Sep 08 21:23:07 barreleye kernel[679]: WARNING: CPU: 0 PID: 742 at /var/lib/jenkins/workspace/openbmc-build-gerrit-trigger-multi/distro/ubuntu/target/barreleye/openbmc/build/tmp/work-shared/barreleye/kernel-source/net/ncsi/ncsi-manage.c:221 ncsi_start_channel_monitor+0x44/0x88
Sep 08 21:23:07 barreleye kernel[679]: CPU: 0 PID: 742 Comm: kworker/0:5 Not tainted 4.7.1-6d93f625315a1e9b51d017a78f8c0938a097ea85 #1
Sep 08 21:23:07 barreleye kernel[679]: Hardware name: ASpeed SoC
Sep 08 21:23:07 barreleye kernel[679]: Workqueue: events ncsi_dev_work
Sep 08 21:23:07 barreleye kernel[679]: [<c0106cbc>] (unwind_backtrace) from [<c0104f04>] (show_stack+0x10/0x14)
Sep 08 21:23:07 barreleye kernel[679]: [<c0104f04>] (show_stack) from [<c010ec3c>] (__warn+0xc4/0xf0)
Sep 08 21:23:07 barreleye kernel[679]: [<c010ec3c>] (__warn) from [<c010ed5c>] (warn_slowpath_null+0x1c/0x24)
Sep 08 21:23:07 barreleye kernel[679]: [<c010ed5c>] (warn_slowpath_null) from [<c03f4174>] (ncsi_start_channel_monitor+0x44/0x88)
Sep 08 21:23:07 barreleye kernel[679]: [<c03f4174>] (ncsi_start_channel_monitor) from [<c03f4e08>] (ncsi_configure_channel+0x258/0x2b8)
Sep 08 21:23:07 barreleye kernel[679]: [<c03f4e08>] (ncsi_configure_channel) from [<c03f5558>] (ncsi_dev_work+0x39c/0x3e8)
Sep 08 21:23:07 barreleye kernel[679]: [<c03f5558>] (ncsi_dev_work) from [<c011fee4>] (process_one_work+0x1b8/0x2fc)
Sep 08 21:23:07 barreleye kernel[679]: [<c011fee4>] (process_one_work) from [<c0120318>] (worker_thread+0x2c0/0x3f8)
Sep 08 21:23:07 barreleye kernel[679]: [<c0120318>] (worker_thread) from [<c012476c>] (kthread+0xd0/0xe8)
Sep 08 21:23:07 barreleye kernel[679]: [<c012476c>] (kthread) from [<c0102250>] (ret_from_fork+0x14/0x24)
Sep 08 21:23:07 barreleye kernel[679]: ---[ end trace 98a124f244ab4360 ]---
Sep 08 21:23:07 barreleye kernel[679]: ftgmac100 1e660000.ethernet eth0: NCSI interface up
Sep 08 21:23:08 barreleye sync_inventory_items.py[832]: Rebooting BMC to set uuid
shenki commented 8 years ago

This is not a crash as originally stated. The warning is to tell developers about an unexpected condition in the driver.

I also notice that the interface was up, and then you rebooted the BMC. Was this reboot initiated over the network, or from the serial console?

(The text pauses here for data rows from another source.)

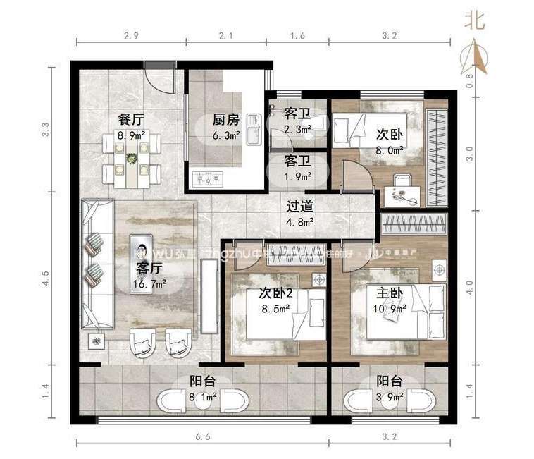厅室3室2厅2卫0阳台
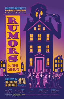 As their tenth wedding anniversary party commences, Charlie Brock, Deputy Mayor of New York City, seems to have just shot himself through the ear. Now he lies bleeding in the master bedroom and his wife Myra is nowhere in sight. The first guests, lawyer Ken Gorman and his wife Chris, scramble to get “the story” straight before the other guests arrive. As the confusions, cover-ups, miscommunications, and rumors mount, the evening spirals into a classic farce. Neil Simon is the renowned master of American comedy. In Rumors he shows how even the rich and famous can be driven to ridiculous behavior when confronted with a possible scandal or even the “rumor” of a scandal. “Rumors” is presented by arrangement with Concord Theatricals on behalf of Samuel French, Inc. www.concordtheatricals.com
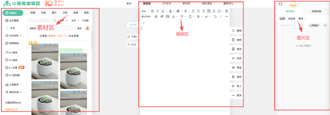 如果没有准备好文章,可以直接在中间的编辑器里写。
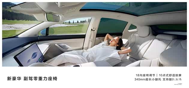 智界R7副驾驶位配置零重力座椅,支持18向座椅调节、10点式舒适按摩,并拥有340mm超长小腿托,支持一键打开。前门车窗采用双层超厚隔热玻璃、后门车窗采用双层隐私玻璃,更隔热、更安静、更私密。全景大天幕搭配电动遮阳帘,既能拥有通透空间感,又能实现100%物理防晒。
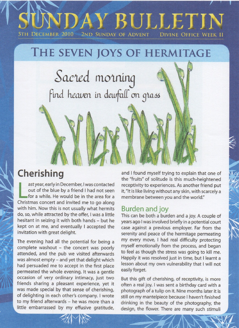 The Seven Joys of Hermitage: Cherishing. After a brief spell in a Carmelite monastery, for the first fifteen years of her working life, Rachel Denton was a teacher. In the summer of 2001 circumstances finally prevailed to enable her to pursue a long-held desire to live in solitude and silence as a hermit. With the support of her spiritual director and the Bishop of Nottingham, she installed herself in a quiet Lincolnshire village and five years later made her solemn profession as a hermit of the Roman Catholic Diocese of Nottingham. Over the next seven weeks, Rachel will be reflecting upon her life in the hermitage during this Advent and Christmas season.
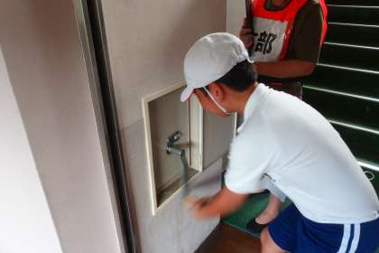 避難訓練のあと、防火シャッターを開けるのを手伝ってくれました。 ありがとうございます!

shenki commented 8 years ago

@gwshan this looks similar to the issues you are chasing.

https://github.com/openbmc/openbmc/issues/512#issuecomment-246270147

gkeishin commented 8 years ago

@shenki First from post BMC code update and second from PDU power cycle reboot

shenki commented 8 years ago

Thanks.

@gwshan this fits the pattern that I saw where I could trigger the WARN though using pflash to update the host pnor.

I think that certain flash related loads are starving the ncsi monitoring kernel thread.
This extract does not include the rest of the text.